Empress consort of the Ming dynasty
- Tenure: 1428–1435
- Predecessor: Empress Gongrangzhang
- Successor: Empress Xiaozhuangrui
- Born: c. 1399 Zouping County, Shandong
- Died: 26 September 1462 (aged 62–63)
- Burial: 23 November 1462 Jing Mausoleum
- Spouse: Xuande Emperor ​ ​(m. 1417; died 1435)​
- Issue: Emperor Yingzong Princess Changde

Posthumous name
- Empress Xiaogong Yixian Ciren Zhuanglie Qitian Peisheng Zhang (孝恭懿憲慈仁莊烈齊天配聖章皇后)
- Clan: Sun (孫)
- Father: Sun Zhong (孫忠)
- Mother: Dong Yuanzhen (董元貞)

= Empress Sun =

Empress of China from 1428 to 1435

Empress Xiaogongzhang (孝恭章皇后; c. 1399 – 26 September 1462), of the Sun clan, was a Chinese empress consort of the Ming dynasty, married to the fifth Ming emperor, the Xuande Emperor. She was mother of Zhu Qizhen, Emperor Yingzong.

==Early life==
Empress Sun was born in 1399 in Zouping, Shandong Province. Her personal name is unknown. Her father was Sun Zhong, an assistant magistrate in Yongcheng District. She had five brothers, the eldest of whom was Sun Qizong (1395 – 1480). He and his three brothers held the rank of guard commander, and another brother held the rank of assistant commander in the Embroidered Uniform Guard.

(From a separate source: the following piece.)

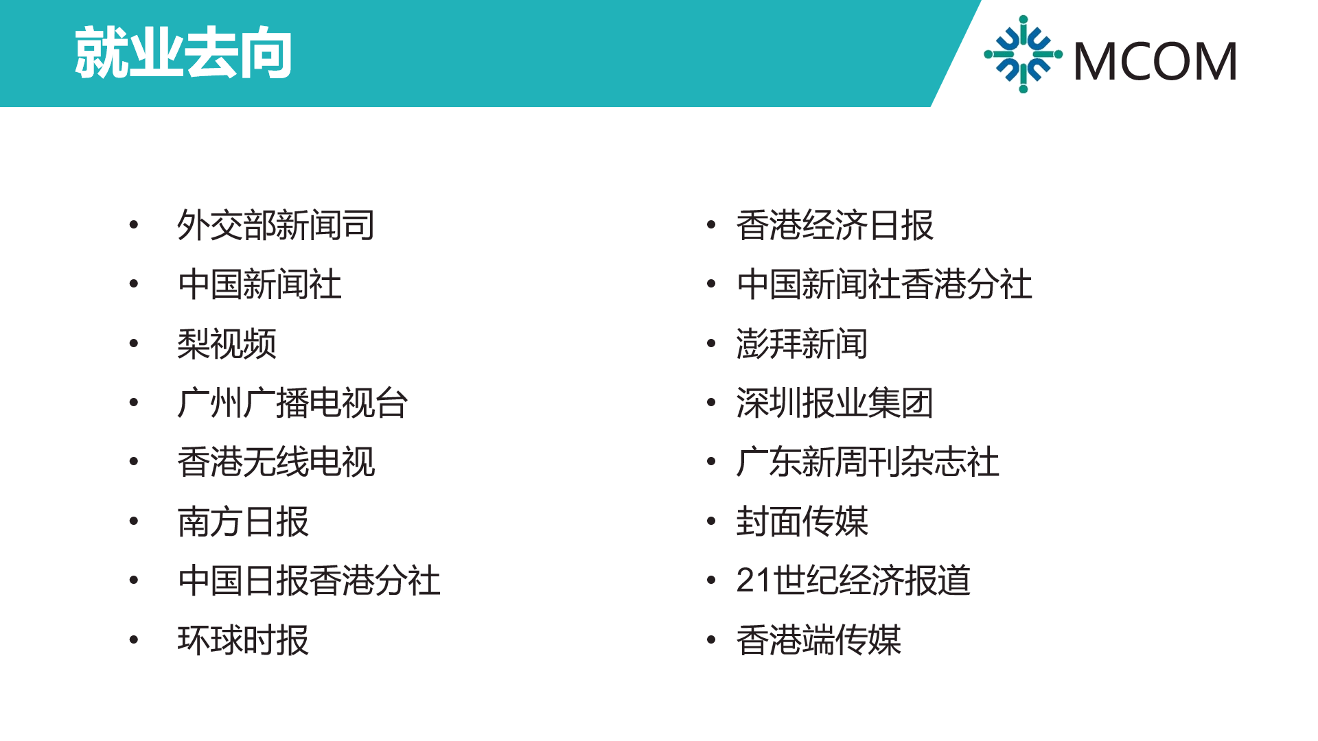 在完成四年扎实的理论及实践训练之后,媒体与传播学的毕业生可以选择到传统及新兴的媒体产业,政府和企业的宣传、公关部门,以及中外文化交流组织和传播机构等。

Sun was known to be a local beauty. When Crown Princess Zhang (the future Empress Zhang, who also grew up in the Yongcheng District) visited her hometown, she heard about Sun's beauty. Curious about the young girl's beauty, the crown princess brought her to the palace. Here she received praise from the palace women.

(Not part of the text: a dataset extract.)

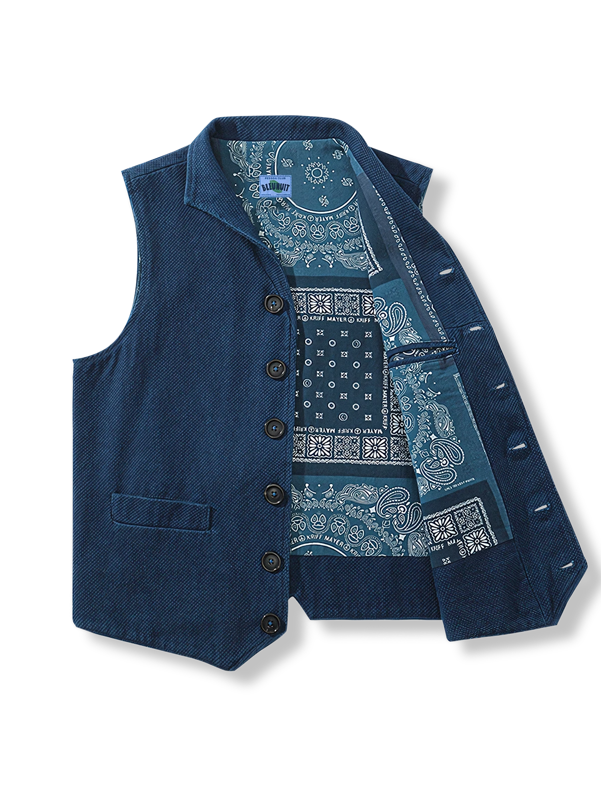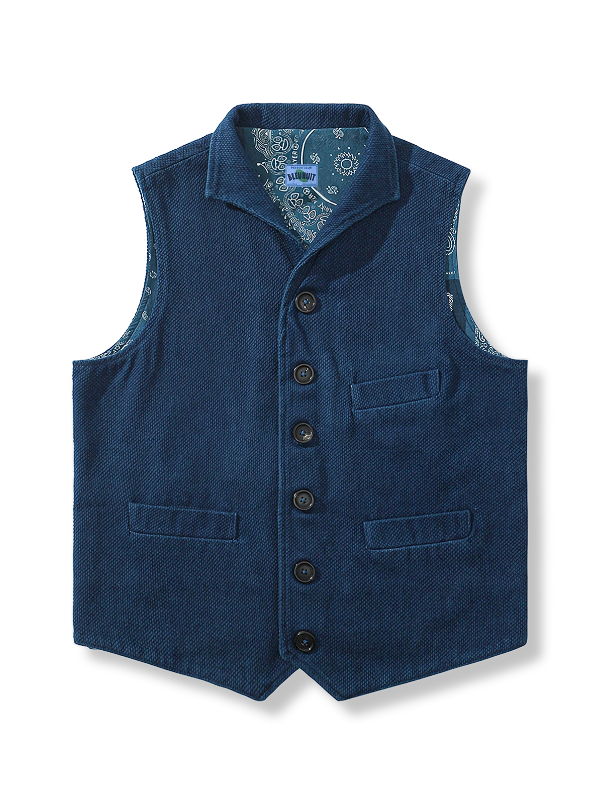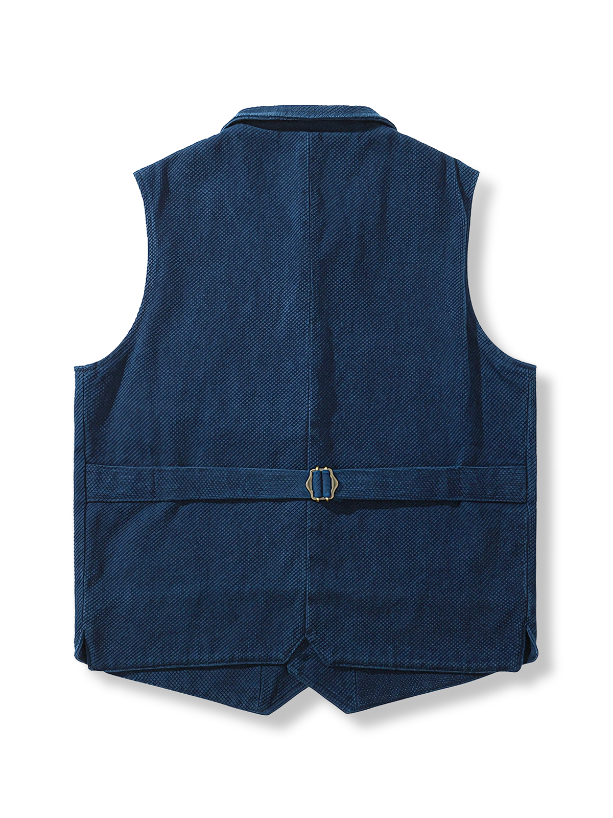 本アイテムは1930年代のノッチラペルベストをモチーフにしており、450gのヘビーウェイト素材を使用しています。色落ちの良い素材を採用し、柔らかく肌に馴染むように仕上げました。さらに、3つの実用的なパッチポケットと後ろのウエストベルトで、自分自身の好みに合わせた着こなしが可能です。
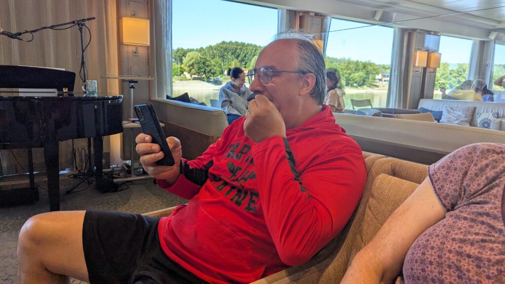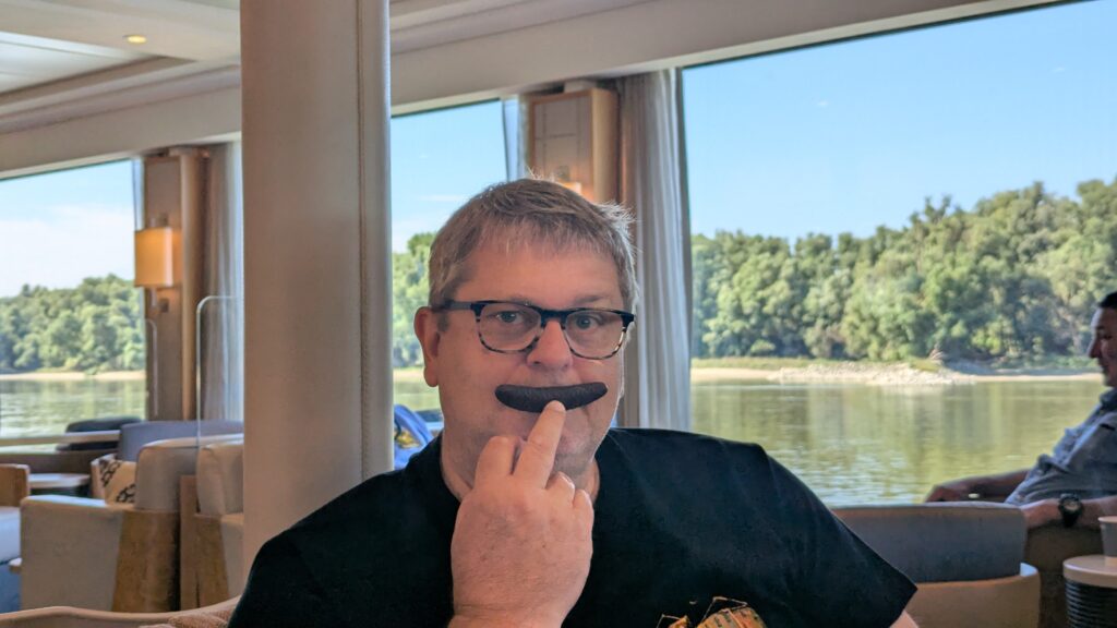 We arrived in our final country this morning, Hungary. We played the second game of the trip – a movie/music quiz. The first 10 questions featured a movie poster with the title removed at the same time as a tune from a different movie played. I don’t know if it was supposed to distract us or what, but they were very simple. The second they played a short clip and cut it off when there was a famous quote coming next. We missed the Godfather (2) quote keep your friends close, but your enemies closer. The last section had us watch the Singin’ in the Rain scene of SitR, then asked us questions about the background etc. We won and it was fun. Our prize was a “Yugoslavian” box of chocolate covered “bananas”. They were very sweet, but tasty. There were a gazillion in the box and we shared all around. Keith made a smile, or a mustache, and another member of our team (name? no idea) was looking at himself in the phone and just cackling with laughter. It was joyful! I loved it.

The Yongle Emperor ordered his wife, Empress Xu, to care for and educate the young girl. In 1417, Sun was selected to be a concubine to Zhu Zhanji (future Xuande Emperor), who was the imperial grandson. In 1424, she gave birth to a daughter, the Princess Changde. When Zhu Zhanji ascended the throne in 1425, she became Noble Consort Sun (孫貴妃 (Sūn guìfēi)), which was the second-highest position after the empress.

==Empress==
In 1427, she gave birth to a son. As Empress Hu had not given birth to a son, the son of Sun was made crown prince. In 1428, the emperor proposed to depose Empress Hu and install Sun as the new empress. At first, Sun refused and said that Empress Hu would eventually have a son that would take precedence over her own son. However, the emperor insisted and finally, Sun agreed. Empress Hu was deposed, and Sun herself, the mother of the crown prince, was promoted to the position of empress (孫皇后 (Sūn húanghòu)).

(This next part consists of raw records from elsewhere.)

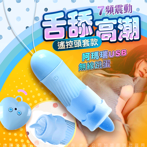 精靈遊戲 7段變頻 USB無線遙控跳蛋 舌舔頭套款 藍
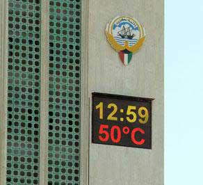 توقع مدير ادارة الارصاد الجوية بالإدارة العامة للطيران المدني محمد كرم استمرار الطقس الحار اليوم، وتجاوز درجات الحرارة 50 درجة مئوية في كثير من مناطق البلاد.وقال كرم: "إن الرياح ستكون شمالية غربية معتدلة السرعة تتجاوز أحيانا 55 كم في الساعة، ويكون الطقس مغبرا في كثير من الأوقات، مما يؤدي إلى انخفاض درجات الحرارة عن 50 درجة مئوية وانتهاء موجة الحر الشديد بعد يومين".
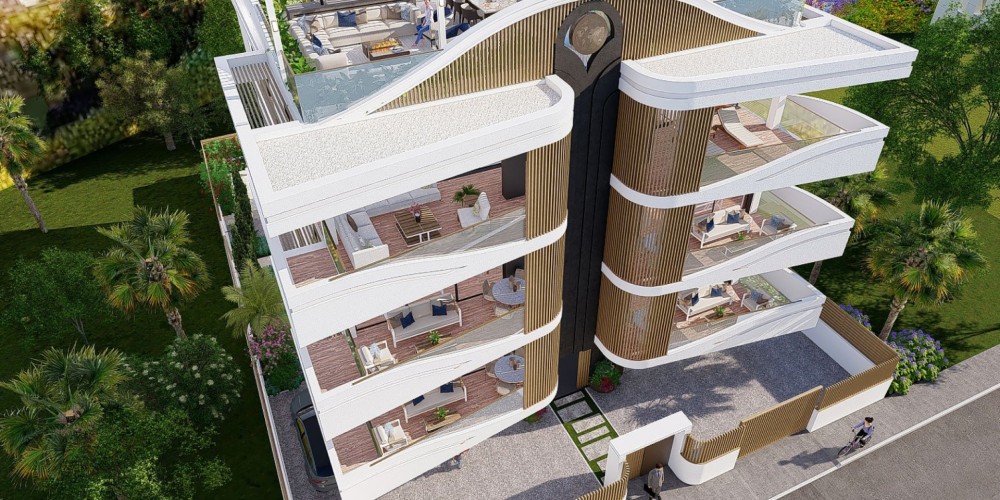 Это оригинальное по дизайну здание расположено в одном из самых развитых районов Лимассола, всего в 500 метрах от знаменитого пляжа Дасуди и эвкалиптовой рощи. Концепция дизайна проекта основана на сочетании белых и золотистых оттенков, что придает зданию уникальный внешний вид и отличительные черты.

The investiture of Empress Sun took place in a grand ceremony. Once her formal announcement was made, the palace held congratulatory banquets, one for the emperor and the other for the empress.

After Sun was invested, she held court in her residence and regularly met with eunuchs and female officials. Her official duties included personnel evaluation, approving budgets, and planning royal marriages. The emperor's consorts and imperial princesses would make regular visits to her. She reported daily to her mother-in-law, Empress Dowager Zhang on family affairs. She also performed the rites at the ancestral altar. On special occasions, she would dine with the emperor at his residence.

==Empress dowager==
After Xuande's unexpected death in 1435, their son Yingzong ascended the throne, and Sun became the empress dowager (孫皇太后 (Sūn huáng tàihòu)). A day before he died, Xuande issued instructions that the civil and military officials should guide the child, and they should petition his mother, Empress Dowager Zhang and Sun on all important matters of the family and state. She and her mother-in-law openly vied for supremacy. Ultimately Zhang prevailed and sidelined Sun. Sun tried to influence certain government matters, and the imperial historians censured her, a custom acted to restrain palace women.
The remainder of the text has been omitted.